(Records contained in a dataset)
------
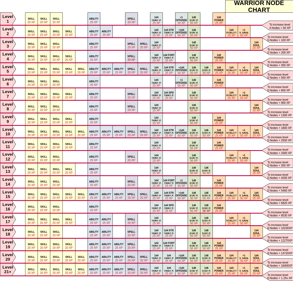• In order to progress to the next level you need to meet the required nodes and pay the progression XP cost.
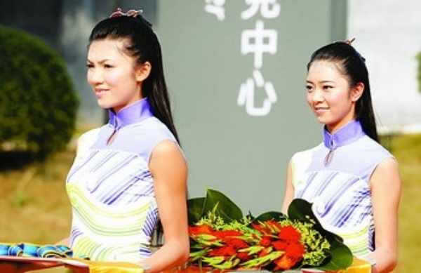图5: 11月17日,颁奖礼仪志愿者在奥体射击馆的颁奖典礼上。 新华社记者 燕 雁摄
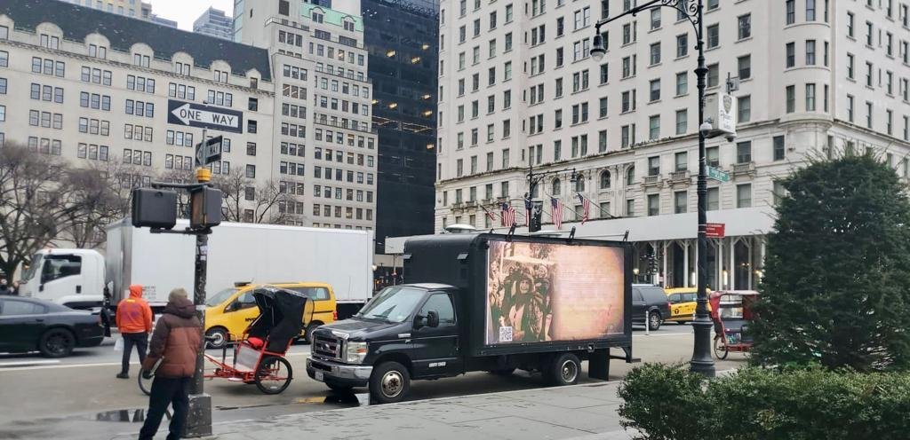 Ekranda Azərbaycan bayrağının, xəritəsinin, Xocalı soyqırımı qurbanlarının adları və fotoları nümayiş etdirilib. Təsvirlər “Xocalıya ədalət!”, “Xocalı soyqırımını tanıyın”, “Ermənistanın insanlığa qarşı cinayəti”, “Ermənistanın Xocalıdakı bir gecəlik soyqırımı”, “Erməni lideri hərbi cinayətləri etiraf edib”, “Azərbaycanlılar ədalət tələb edir!”, “Qarabağ Azərbaycandır!”, “Xocalını xatırla!”, “Biz xatırlayırıq!”, “Xocalı üçün dua et!”, “Xocalıda 63 uşaq, o cümlədən yeni doğulanlar öldürülüb!”, “1992-ci il 26 fevral. 613 azərbaycanlı, 106 qadın, 63 uşaq, 70 ahıl şəxs qətlə yetirilib. 1275 nəfər azərbaycanlı girov götürülüb. 76 uşaq əlil olub. 25 uşaq hər iki valideynini itirib. 130 uşaq valideynlərindən birini itirib, 8 ailə tamamilə məhv edilib” şüarları və çağırışları ilə müşayiət olunub.
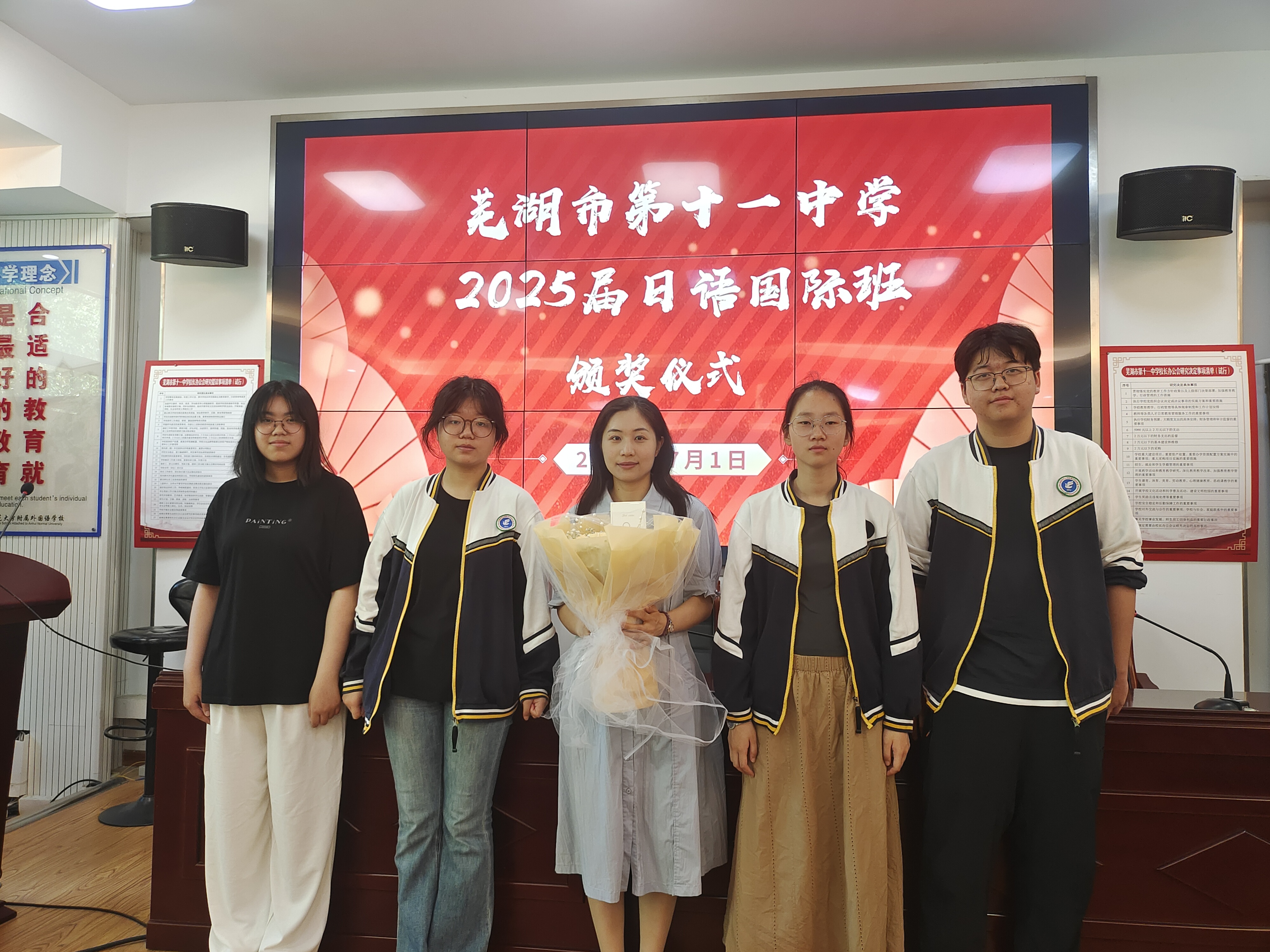 捷报频传!芜湖市第十一中学2025届日语班高考创佳绩,颁奖仪式温情启幕。
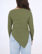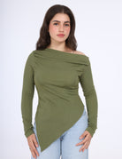 Chic one-shoulder top with an asymmetric hem and long sleeve design.
------
Omit the pictures, then copy out all the data exactly as it stands.

• In order to progress to the next level you need to meet the required nodes and pay the progression XP cost.
图5: 11月17日,颁奖礼仪志愿者在奥体射击馆的颁奖典礼上。 新华社记者 燕 雁摄
 Ekranda Azərbaycan bayrağının, xəritəsinin, Xocalı soyqırımı qurbanlarının adları və fotoları nümayiş etdirilib. Təsvirlər “Xocalıya ədalət!”, “Xocalı soyqırımını tanıyın”, “Ermənistanın insanlığa qarşı cinayəti”, “Ermənistanın Xocalıdakı bir gecəlik soyqırımı”, “Erməni lideri hərbi cinayətləri etiraf edib”, “Azərbaycanlılar ədalət tələb edir!”, “Qarabağ Azərbaycandır!”, “Xocalını xatırla!”, “Biz xatırlayırıq!”, “Xocalı üçün dua et!”, “Xocalıda 63 uşaq, o cümlədən yeni doğulanlar öldürülüb!”, “1992-ci il 26 fevral. 613 azərbaycanlı, 106 qadın, 63 uşaq, 70 ahıl şəxs qətlə yetirilib. 1275 nəfər azərbaycanlı girov götürülüb. 76 uşaq əlil olub. 25 uşaq hər iki valideynini itirib. 130 uşaq valideynlərindən birini itirib, 8 ailə tamamilə məhv edilib” şüarları və çağırışları ilə müşayiət olunub.
 捷报频传!芜湖市第十一中学2025届日语班高考创佳绩,颁奖仪式温情启幕。
 Chic one-shoulder top with an asymmetric hem and long sleeve design.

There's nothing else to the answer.